Nothing Lost in Translation
04/15/2009 11:14 am EST
Updated Thursday, April 16-Correction Appended
French pharmaceutical giant Sanofi-Aventis (NYSE: SNY, EURONEXT: SAN) boasts a diverse lineup of cardiovascular, oncology, central nervous system and metabolic drugs-including anti-clotting agent Plavix, thrombosis treatment Lovenox, insomnia drug Ambien and diabetes treatment Lantus. The stock now trades below $28, giving it a 5.8% yield.

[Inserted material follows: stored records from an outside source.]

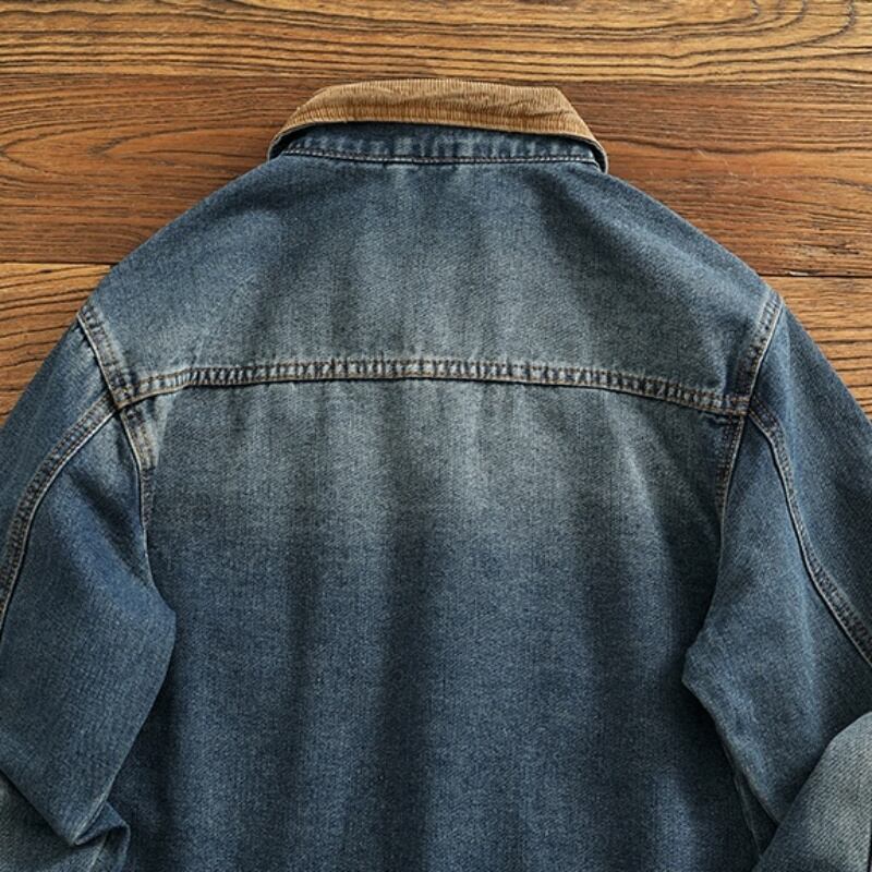 ウォッシュドデニムコーデュロイ襟カジュアルジャケット 5XLまで対応 A18914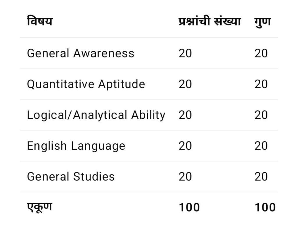 नकारात्मक गुण प्रणाली (Negative Marking) लागू आहे: प्रत्येक चुकीच्या उत्तरासाठी 0.25 गुण वजा.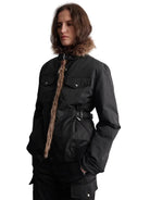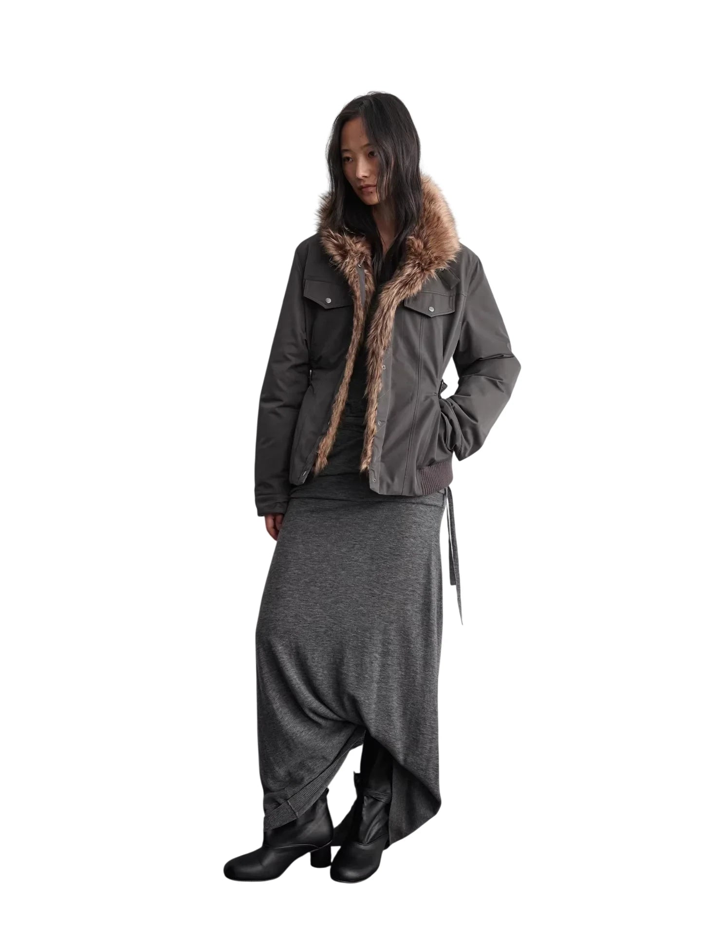 Stay warm and stylish with this women's short down jacket featuring a cinched waist for a flattering silhouette. Designed with eco-friendly fabric and filled with 90% down, this winter essential offers superior insulation. The detachable faux fur-trimmed hood adds a luxurious touch, while functional chest flap pockets with metallic snap buttons provide practical storage. Long sleeves and side pockets deliver added warmth and comfort, making it perfect for cold-weather outings.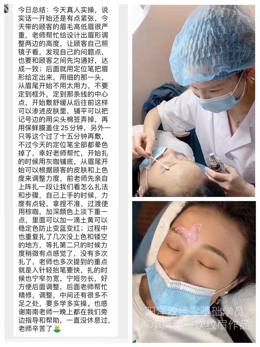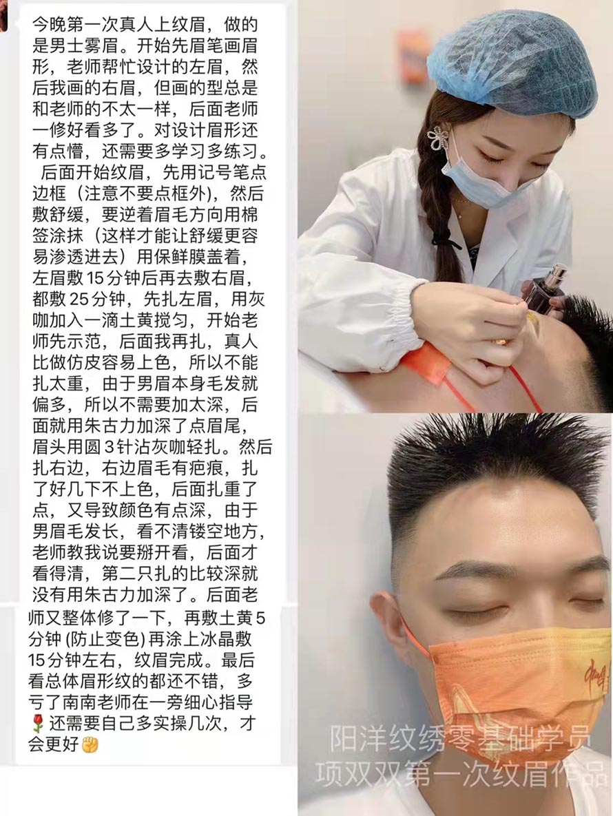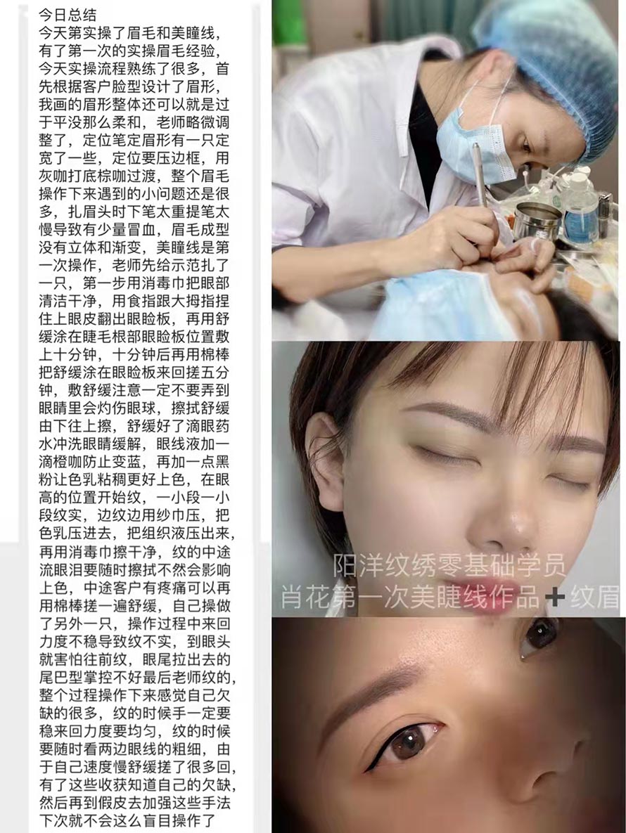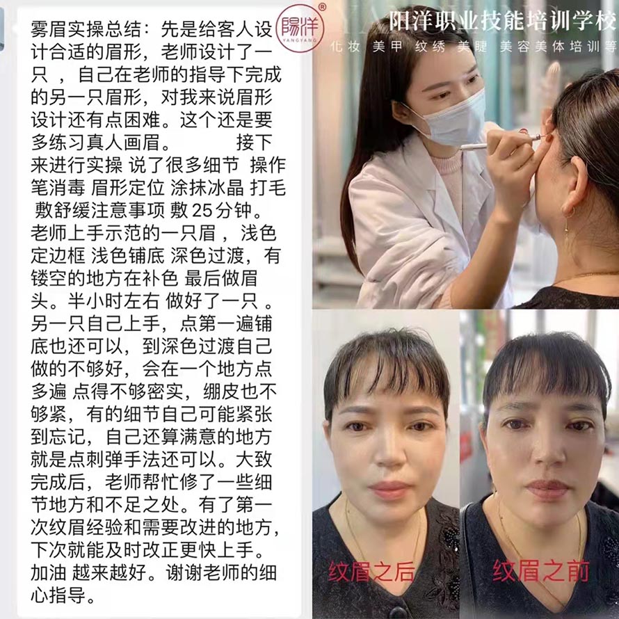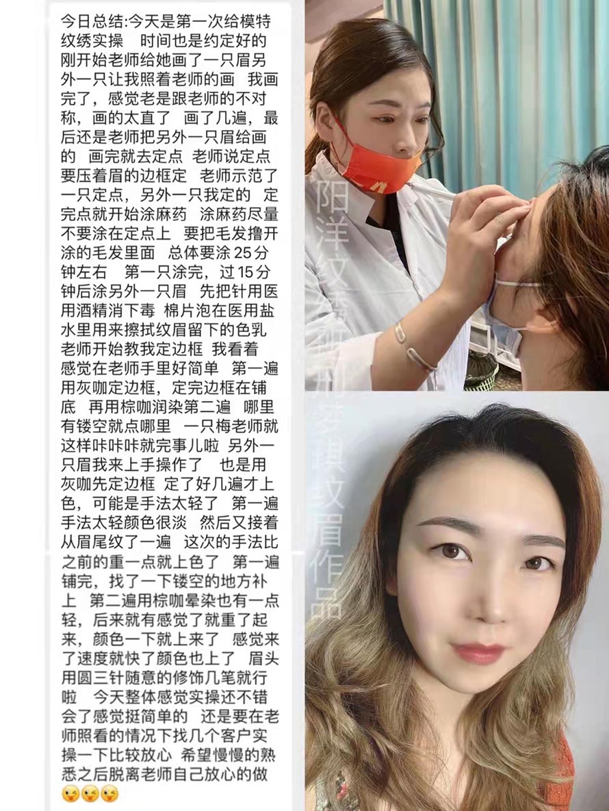 在眉形設(shè)計、霧眉、線條眉、等訓(xùn)練上都需要一周時間左右,再加上真人實操的時間。

Sanofi-Aventis took a hit [last month when a US Food & Drug Administration advisory panel recommended approval of] an anticlotting drug made by Johnson & Johnson (NYSE: JNJ) that could take sales away from Plavix if its indications are expanded beyond the initial one--for patients who've received hip or knee transplants. However, one of Sanofi-Aventis' strengths is its diverse product pipeline; as if to prove the point, [an FDA advisory panel recently recommended approval of] a Sanofi-Aventis drug called Multaq, which treats atrial fibrillation of the kind that sometimes leads to a stroke. If both J&J's drug and Multaq reach their full market potential, the net effect will be a wash for Sanofi-Aventis.
Down the road, the FDA may approve other drugs that will boost the company's sales by billions in the coming years, more than making up for the loss of revenue from patent expiration on Ambien and several lower-selling drugs. Potential blockbusters for Sanofi-Aventis include Menactra, a meningitis vaccine, and Aflibercept, a cancer treatment.
Sanofi-Aventis has strong free-cash flow, is paying down debt, and is relatively immune to the global recession. Its annual dividend, paid in June or July, gives a yield of 5.8% at the current price. Over time, I expect the dividend to rise and the share price to rebound to at least $32 over the next 12 months.